Rich was talking to a sort of co-worker at work and was discussing the new year.
Rich: We’ll probably go out to Pier Park and watch the ball drop, etc.
Person: What time are they having all of that?
Rich: Well, the fireworks and ball drop is at midnight of course.
Person: Why are they doing it that late? I’ll be in bed!
Rich: Um, that’s when the new year is……….
A friend of Melissa’s went to get a job at Netflix. BTW, I’d love to work at Netflix I think. I know we have one locally but I have no idea where it is or when they hire. It’s all one big secret like they are scared someone will shoot up the place because their movie is scratched. Anyway, here’s a conversation that was hilarious.
Melissa: My friend went to get a job at Netflix and they told him to tell them what he knew about Netflix. So he says, “I know y’all have those red boxes everywhere.”
Netflix: That’s not us.
Needless to say, he did not get the job.
Today Rich’s boss sent him to Office Depot to pick up something of a sensitive matter. Rich went to the oldest person working there.
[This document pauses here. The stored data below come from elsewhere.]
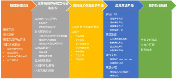 威廉希尔500欧洲指数信息应急管理体系服务主要分为项目准备阶段、应急预案体系建立与咨询阶段、应急技术保障服务阶段、应急演练阶段、服务验收阶段五个阶段。通过实施五个阶段的服务内容,可为客户建立完整的应急管理体系,达到动态的、制定化的应急管理方式。同时围绕安全事件的全过程管理,用最低的成本达到可接受的信息安全水平,从根本上保证业务的持续性。
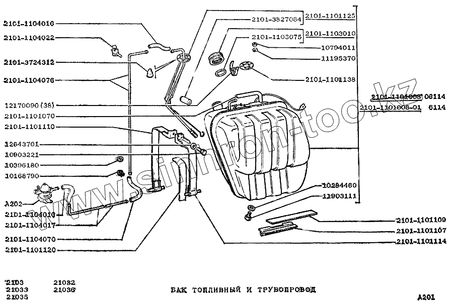 Каталог запасных частей к технике: ВАЗ-2103. Бак топливный и трубопровод
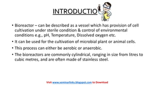 This document provides an overview of bioreactors. It begins by defining a bioreactor as a vessel that provides sterile conditions and environmental control for cell cultivation. It then describes the typical components of a bioreactor, including an agitator for mixing, a baffle to prevent vortex formation, a sparger for oxygen delivery, and a jacket for temperature control. Finally, it discusses various types of bioreactors such as continuous stirred tank, bubble column, airlift, packed bed, and photo bioreactors; and it notes that bioreactors are commonly used in food, beverage, and pharmaceutical industries.
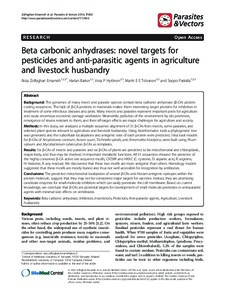 The predicted mitochondrial localization of several β-CAs and hidden antigenic epitopes within the protein molecule, suggest that they may not be considered major targets for vaccines. Instead, they are promising candidate enzymes for small-molecule inhibitors which can easily penetrate the cell membrane. Based on current knowledge, we conclude that β-CAs are potential targets for development of small molecule pesticides or anti-parasitic agents with minimal side effects on vertebrates.

Store guy: Can I help you find something?
Rich: Um, well….(stutters) yeah I hate to really ask but it’s sort of embarrassing.
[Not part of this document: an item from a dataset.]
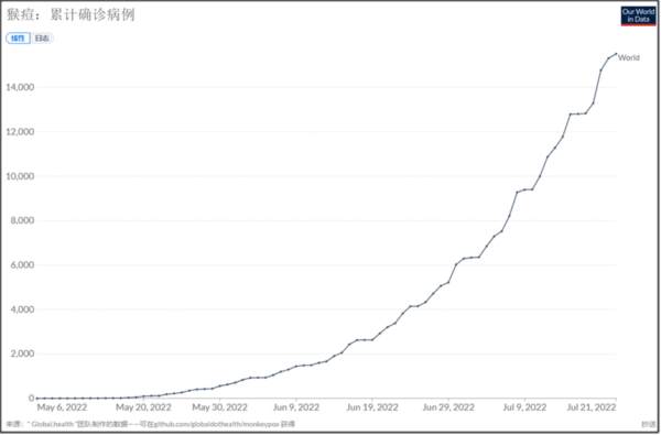 看下图这个猴痘累计确诊病例数,就知道了,一个很标准的指数级增长的曲线。

Store guy: Well, I don’t think we sell that kind of thing here.
Rich: I know but I have to be sure.
Store guy: Well, what is it?
Rich: (stutters) I need ……cassette tapes.
Store guy: (laughs) I can see why you would be embarrassed. Let’s see if we can find some for you.
The cassette tapes were found and everyone was happy in the end. TDK’s even!
Me: You know, Google picked the worst time to redo their algorithms because that’s how come I was short on my page views for B____H____. (name not included just in case that’s an issue with anyone there where I work) Now I don’t get my article limits lifted for another month. They had the worst timing for me.
Rich: Did you get Screw-Gled?
Me: Why yes I did!
Just so you know, I was 3 page views short. THREE!